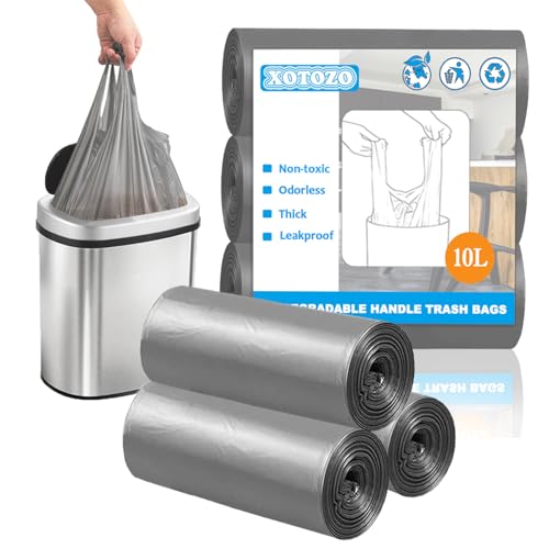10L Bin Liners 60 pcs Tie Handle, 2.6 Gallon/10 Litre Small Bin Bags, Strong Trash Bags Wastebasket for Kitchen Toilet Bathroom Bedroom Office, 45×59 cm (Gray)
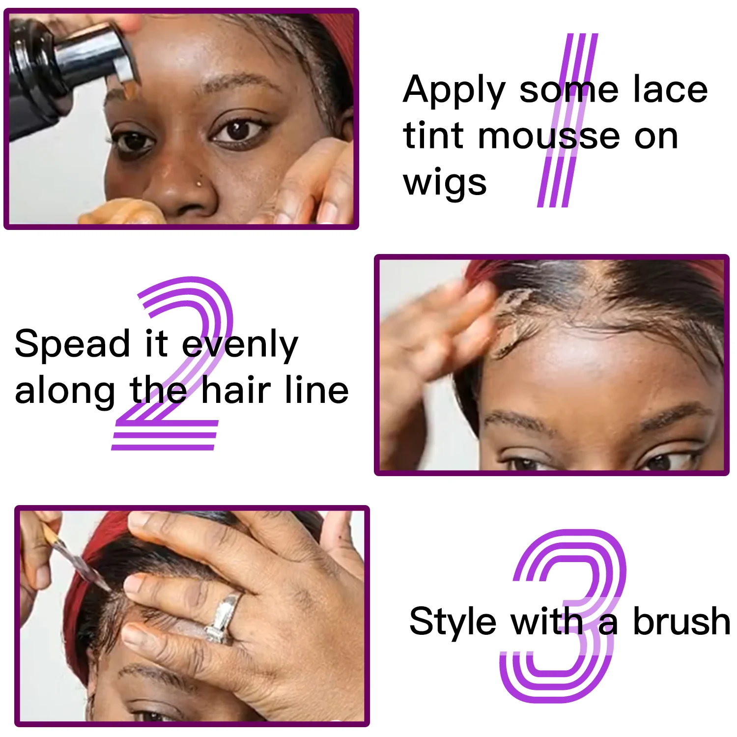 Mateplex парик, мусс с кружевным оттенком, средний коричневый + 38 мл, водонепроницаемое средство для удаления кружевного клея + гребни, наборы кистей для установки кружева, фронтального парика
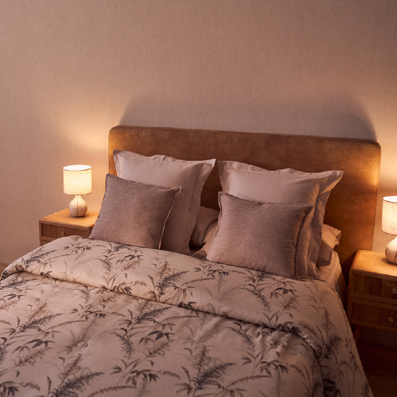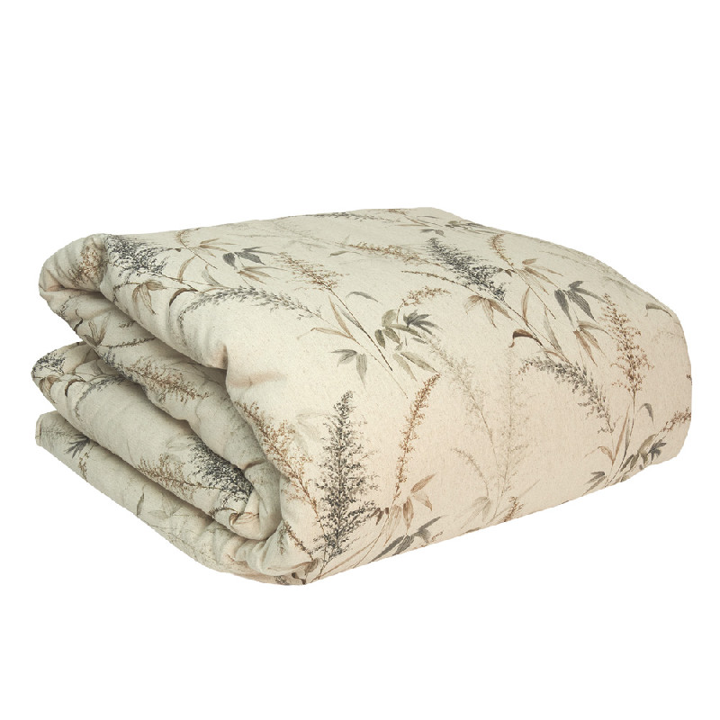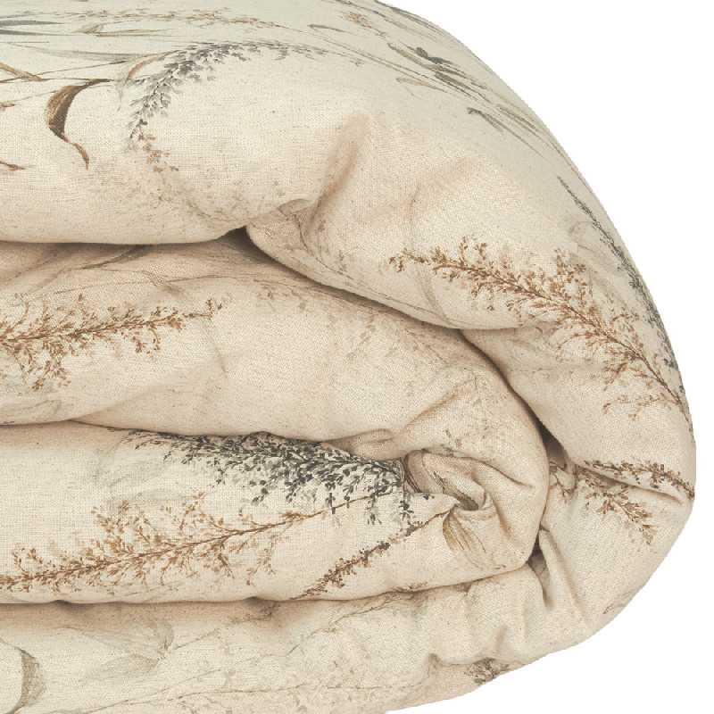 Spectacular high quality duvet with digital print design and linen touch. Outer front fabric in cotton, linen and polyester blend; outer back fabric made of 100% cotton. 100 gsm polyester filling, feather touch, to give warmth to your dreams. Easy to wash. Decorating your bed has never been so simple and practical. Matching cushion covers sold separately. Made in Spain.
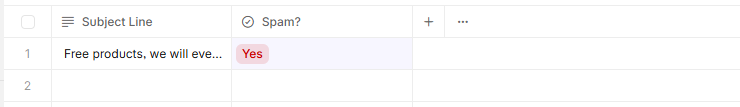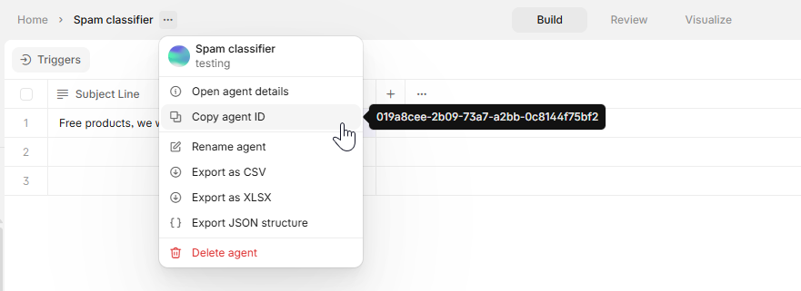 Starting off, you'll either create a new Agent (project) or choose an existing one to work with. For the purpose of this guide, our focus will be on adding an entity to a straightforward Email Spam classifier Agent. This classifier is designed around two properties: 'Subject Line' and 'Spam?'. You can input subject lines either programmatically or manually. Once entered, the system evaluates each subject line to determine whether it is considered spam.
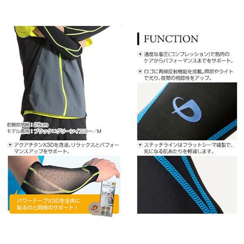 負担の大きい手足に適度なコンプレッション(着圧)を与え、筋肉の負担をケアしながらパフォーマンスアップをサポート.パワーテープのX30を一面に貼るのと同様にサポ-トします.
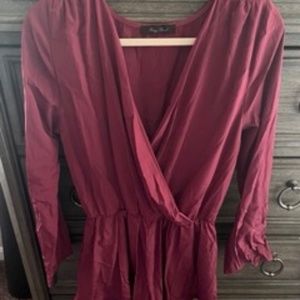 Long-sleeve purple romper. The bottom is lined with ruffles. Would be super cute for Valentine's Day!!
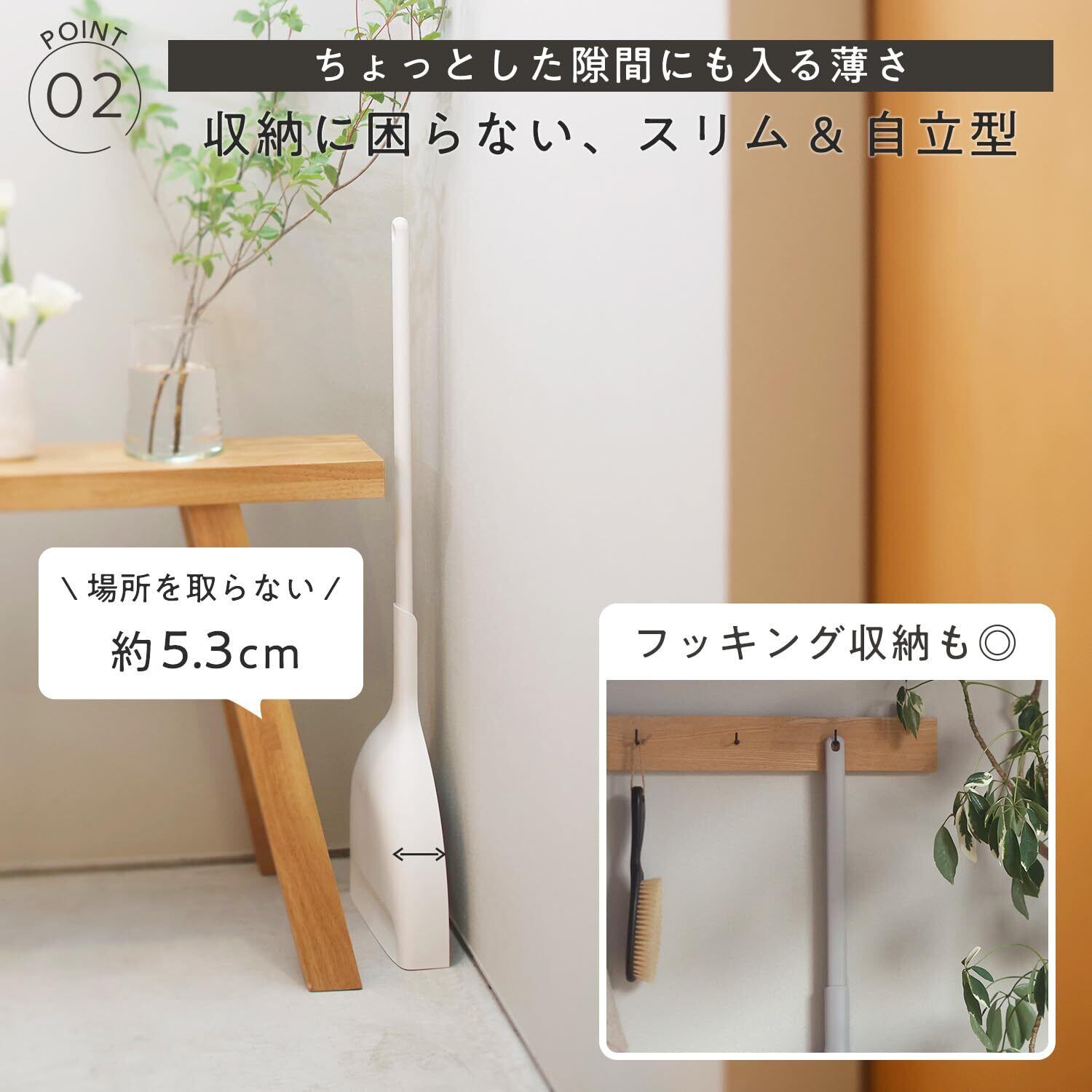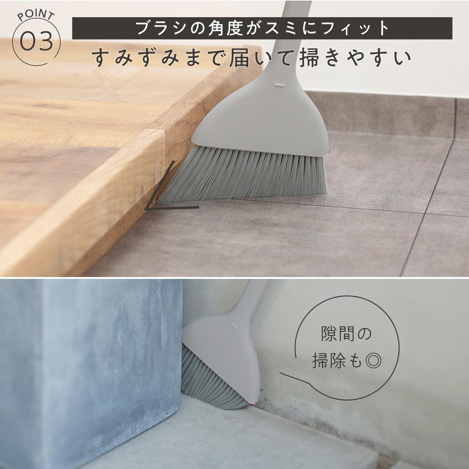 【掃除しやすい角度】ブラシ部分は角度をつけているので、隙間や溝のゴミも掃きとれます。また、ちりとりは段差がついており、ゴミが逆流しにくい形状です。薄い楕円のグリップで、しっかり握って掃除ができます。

• Exercise directions
In the records above, find the line with "負担の大きい手足に適度なコン" and copy from it through the last line exactly, without the pictures.

• Output of the task
 負担の大きい手足に適度なコンプレッション(着圧)を与え、筋肉の負担をケアしながらパフォーマンスアップをサポート.パワーテープのX30を一面に貼るのと同様にサポ-トします.
 Long-sleeve purple romper. The bottom is lined with ruffles. Would be super cute for Valentine's Day!!
 【掃除しやすい角度】ブラシ部分は角度をつけているので、隙間や溝のゴミも掃きとれます。また、ちりとりは段差がついており、ゴミが逆流しにくい形状です。薄い楕円のグリップで、しっかり握って掃除ができます。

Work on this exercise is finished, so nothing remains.